What are the legal and HR implications of social netorking? Here is a introduction for CIPD Shropshire Branch - For Information only and not legal advice.
2. Boutique Employment & Business Support Law Firm; National and International Client base; Started in April 2009; Smallest Client 1 Employee; Largest 700 employees; Fixed Fees for 90% work; Government Panel and Pilot Scheme members (only firm in Shropshire); EmployersHelpOnline.co.uk – Backed by largest UK Legal Insurer;
3. Focus on Employment and related areas such a contracts, commercial law etc; Also act for range of media clients hence linked expertise to be explored tonight; Me – Act for law firms in business, partnership and employment law; Train other lawyers at national level; Married to a HR professional so can see things from a HR perspective......(I hope!)
4. Social Networking? Peer to Peer – user to user; Popular examples include Linked In/Facebook/Twitter/Bebo; Everyone can publish their thoughts and many are tedious – Lily Allen on cricket anyone? Or Stephen Fry for example “And then - I've recorded Dr Who. Raaaaaaaa.”
5. Internet Policy? Some sites are being used to promote businesses hence employers can not ban the use completely – BennettsLegal is on Twitter; Employment Agencies on Twitter and Linked In; Clients are using it to send messages – hence total ban not right for all businesses and difficult to police.
6. So What’s the Problem? Case 1 Study Issues FACEBOOK comments from an IFA about boss; “He’s a dickhead. Knows nothing about finance. I hate my job!”; Reported to Employer by fellow employee– what do you do? Privacy – Friends only group accessed by “mutual friend” and cut and pasted to boss; Defaming boss and business – do they sue for compensation? Written in own time and not naming boss and business so is it really relevant?
7. Problems? Case Study 2 Issues Sales Person off work apparently as “sick”; Called in with the flu; On Twitter – “massive hangover. Feel like S**T – can’t work” Privacy – Is this crossing the line into private life; Googled – hence fishing by HR manager – because he always has the same day off; Did it breach contract to allow termination and fair dismissal? Yes. Evidence for Tribunal and issue – who wrote it and when/why? Accuracy.
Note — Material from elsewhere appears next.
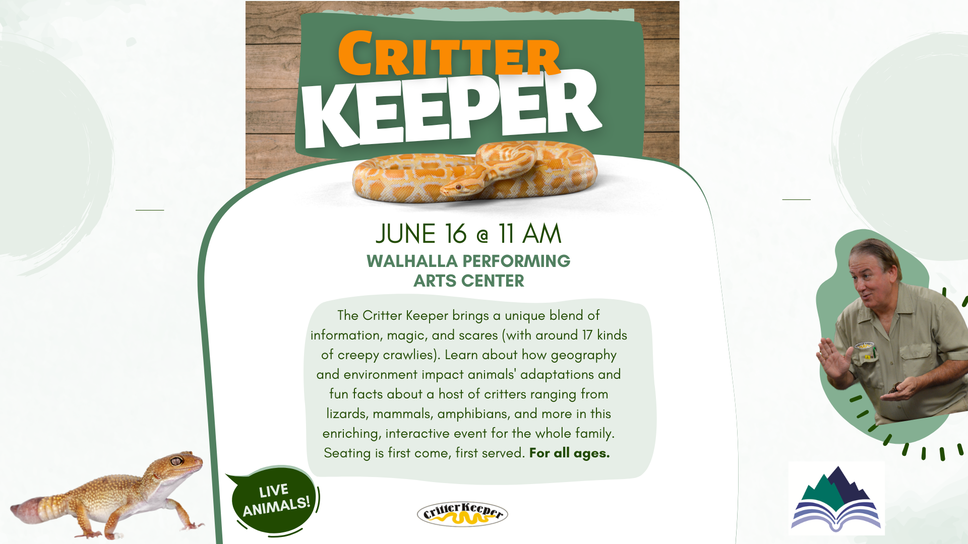 Walhalla Performing Art Center 101 E North Broad St, Walhalla, SC, United StatesOther VenuesThe Critter Keeper brings a unique blend of information, magic, and scares (with around 17 kinds of creepy-crawlies). Learn about how geography and environment impact animals' adaptations and fun facts about a host of critters ranging from lizards, mammals, amphibians, and more in this enriching, interactive event for the whole family. Seating is first-come, first-served. All ages.

8. Problems Case Study 3 Issues Manager – online saying employee is a “skiver” and “lazy” whilst on official firm site and blog; Employee off work sick and told of comments and raised grievance; Wanted manager disciplined; Clearly workplace based; Disciplinary needed against senior member of staff who should be setting an example; Duty of care to employee; Defamation of employee – he has right to sue company.
9. Practical Steps Document and record the evidence – it is no good saying I saw this and deleted it; Investigate the source; Discipline – best practice remains Letter – investigation - meeting – decision – appeal right; Think proactively – social networking policy, training – these under pin discrimination and harassment issues;
10. Practical Steps 2 Random review from time to time – blogs, known trouble makers sites, to managers; At induction include the policy and get it signed; Annual review needed because use of technology is business is changing daily; Policies must reflect the general practice; Have a solicitor on speed dial……!
11. The Legal Bit WHAT I S DEFAMATION? Defamation is committed by the publication to a third person of material containing an untrue statement or untrue comment affecting the reputation of another. The claimant must prove that the words/picture complained of convey a defamatory meaning. Defamatory material lowers a person's reputation in the minds of reasonable people or cuts the claimant off from society or exposes the claimant to hatred, contempt or ridicule. Words which merely injure feelings are not actionable. Defamatory material can be written, spoken or broadcast. It can also take the form of pictorial or graphical representation.
12. Defamation Can be of a company, person or organisation; Remedies injunction and compensation; Compromise agreement breach can lead to recovery of pay off; Legal costs can be high if Court occurs hence letter before action from Solicitor prevents a repeat in 90 % of cases and gets comments removed.
13. Privacy Human Rights Act 1998 – Article 8 Protects the right to a private and family life hence is used by employees and their more savvy lawyers to argue against dismissal if written in personal time;
14. Discipline The best practice guidance applies obviously; Use defamation as a tool to remove or when negotiating compromise agreements (if appropriate); Remember the golden rule and make sure managers document everything they do – everything and why; Remember also legal privilege only applies to external legal advice so HR internal and external are not covered – beware of what you say.....
16. Hot Topic’s Employees are starting to get restless again – grievances are up over the last month; Discrimination is flavour of the month in my practice because clients and their managers have lost focus and discrimination is occurring age, sex, pregnancy and disability and sick pay in particular are problem areas; Tax Rule changes means compromising claims needs careful review – get it wrong fines have increased by 100% (Finance Act 2008).